Aktor ancaman kemungkinan mengeksploitasi kerentanan baru di SAP Netweaver untuk mengunggah shell JSP dengan tujuan memfasilitasi pengunggahan file yang tidak sah dan eksekusi kode.
“Eksploitasi kemungkinan terkait dengan kerentanan yang sebelumnya diungkapkan seperti CVE-2017-9844 atau masalah inklusi file jarak jauh yang tidak dilaporkan (RFI),” kata Reliaquest dalam sebuah laporan yang diterbitkan minggu ini.
Cybersecurity mengatakan kemungkinan nol-hari berasal dari fakta bahwa beberapa sistem yang terkena dampak sudah menjalankan tambalan terbaru.
Kelemahan tersebut dinilai berakar pada titik akhir “/DevelopmentServer/Metadatauploader” di lingkungan NetWeaver, memungkinkan aktor ancaman yang tidak diketahui untuk mengunggah jalur web berbasis JSP yang berbahaya di “servlet_jsp/irj/root/” jalur untuk akses remote yang persisten dan memberikan muatan tambahan tambahan.
Dengan kata lain, Shell JSP Web yang ringan dikonfigurasi untuk mengunggah file yang tidak sah, memungkinkan kontrol yang mengakar atas host yang terinfeksi, menjalankan kode jarak jauh, dan data sensitif siphon.
Insiden tertentu telah diamati menggunakan kerangka kerja pasca eksploitasi Brute Ratel C4, serta teknik terkenal yang disebut Gerbang Surga untuk memotong perlindungan titik akhir.
Setidaknya dalam satu kasus, para aktor ancaman membutuhkan waktu beberapa hari untuk maju dari akses awal yang sukses ke eksploitasi tindak lanjut, meningkatkan kemungkinan bahwa penyerang mungkin merupakan broker akses awal (IAB) yang memperoleh dan menjual akses ke kelompok ancaman lainnya di forum bawah tanah.
“Investigasi kami mengungkapkan pola yang mengganggu, menunjukkan bahwa musuh memanfaatkan eksploitasi yang diketahui dan memasangkannya dengan campuran teknik yang berkembang untuk memaksimalkan dampaknya,” kata Reliaquest.
“Solusi SAP sering digunakan oleh lembaga dan perusahaan pemerintah, menjadikannya target bernilai tinggi untuk penyerang.

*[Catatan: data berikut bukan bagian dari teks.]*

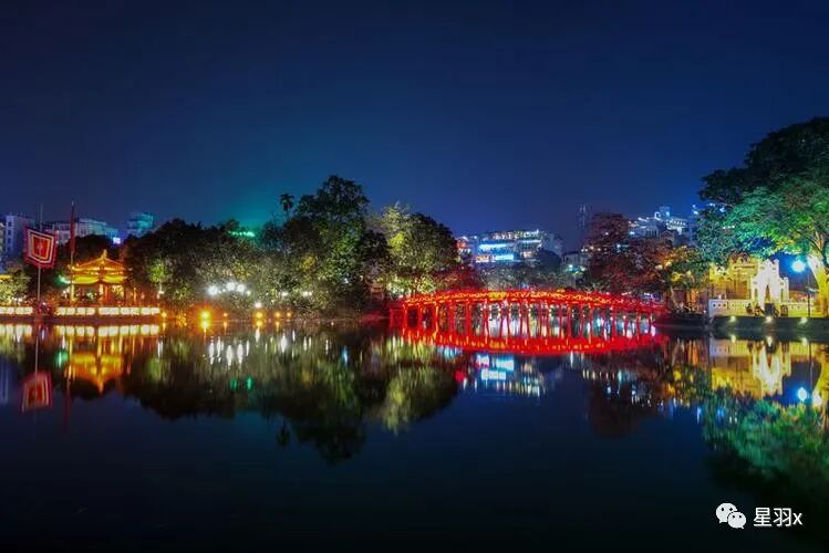 栖旭桥是一条木结构的拱桥,东西走向,越南人民就在桥上人挨人,交流聊天看风景,成双成对者较多,我挤不进去,桥尽头玉山寺晚上是关着的,只有白天才能进去看看,有空我会具体写,今晚就只有算了。

Karena solusi SAP sering digunakan di tempat, langkah-langkah keamanan untuk sistem ini diserahkan kepada pengguna; pembaruan dan tambalan yang tidak diterapkan segera akan mengekspos sistem ini untuk risiko kompromi yang lebih besar.”
Secara kebetulan, SAP juga telah merilis pembaruan untuk mengatasi cacat keamanan keparahan maksimum (CVE-2025-31324, skor CVSS: 10.0) yang dapat dieksploitasi oleh penyerang untuk mengunggah file yang sewenang-wenang.
“SAP Netweaver Visual Composer Metadata Uneader tidak dilindungi dengan otorisasi yang tepat, memungkinkan agen yang tidak otentikasi untuk mengunggah biner yang dapat dieksekusi yang berpotensi berbahaya yang dapat sangat membahayakan sistem host,” sebuah penasihat untuk kerentanan yang dibaca.
Kemungkinan CVE-2025-31324 mengacu pada cacat keamanan yang tidak dilaporkan yang sama mengingat bahwa yang pertama juga mempengaruhi komponen pengunggah metadata.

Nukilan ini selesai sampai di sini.